→ ASSIGNMENT
Copy out precisely the lines from the start of the data through the line with "Select Grafana for the integration’s type", and keep pictures out of it.

*** Opening THE DATA ***

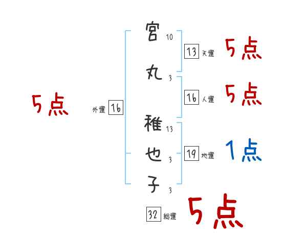 総運![]() | 宮丸稚也子さんの総運は32画の5つ星!柔軟性があり成功する。チャンスが多く金運が良い。 あなたの人生を表す1番重要な運勢です。生涯を通じて影響する総合運となり、主に50歳以降の晩年期に影響を及ぼします。 |
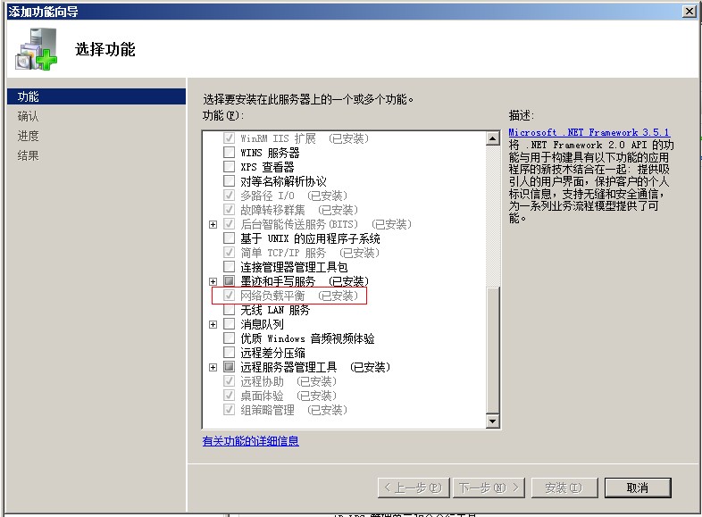若服务器需要使用IIS或者ASP.NET,那么在安装 NLB 前建议先添加Web服务器(IIS)服务器角色和 .net framework 3.5 功能
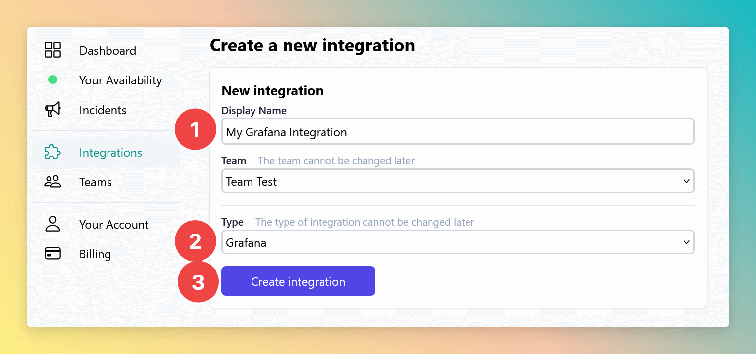 Select Grafana for the integration’s type
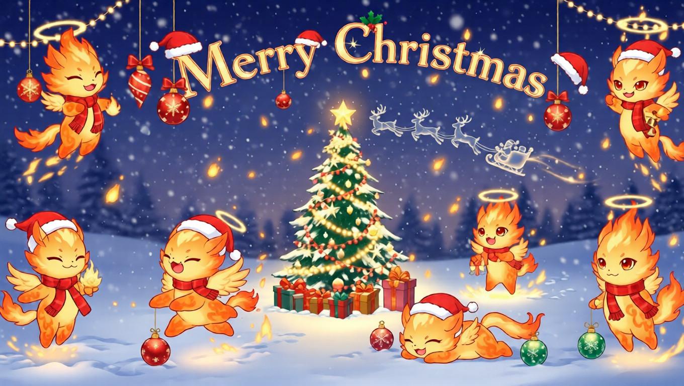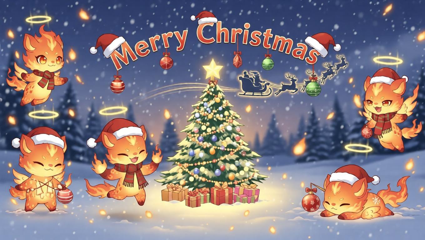 On a snowy Christmas night, fire-type fantasy spirits gather to keep the winter cold at bay. Their gentle flames light the forest as Santa’s sleigh glides overhead, filling the air with warmth and celebration.

*** Closing THE DATA ***

→ YOUR SOLUTION
 総運![]() | 宮丸稚也子さんの総運は32画の5つ星!柔軟性があり成功する。チャンスが多く金運が良い。 あなたの人生を表す1番重要な運勢です。生涯を通じて影響する総合運となり、主に50歳以降の晩年期に影響を及ぼします。 |
若服务器需要使用IIS或者ASP.NET,那么在安装 NLB 前建议先添加Web服务器(IIS)服务器角色和 .net framework 3.5 功能
 Select Grafana for the integration’s type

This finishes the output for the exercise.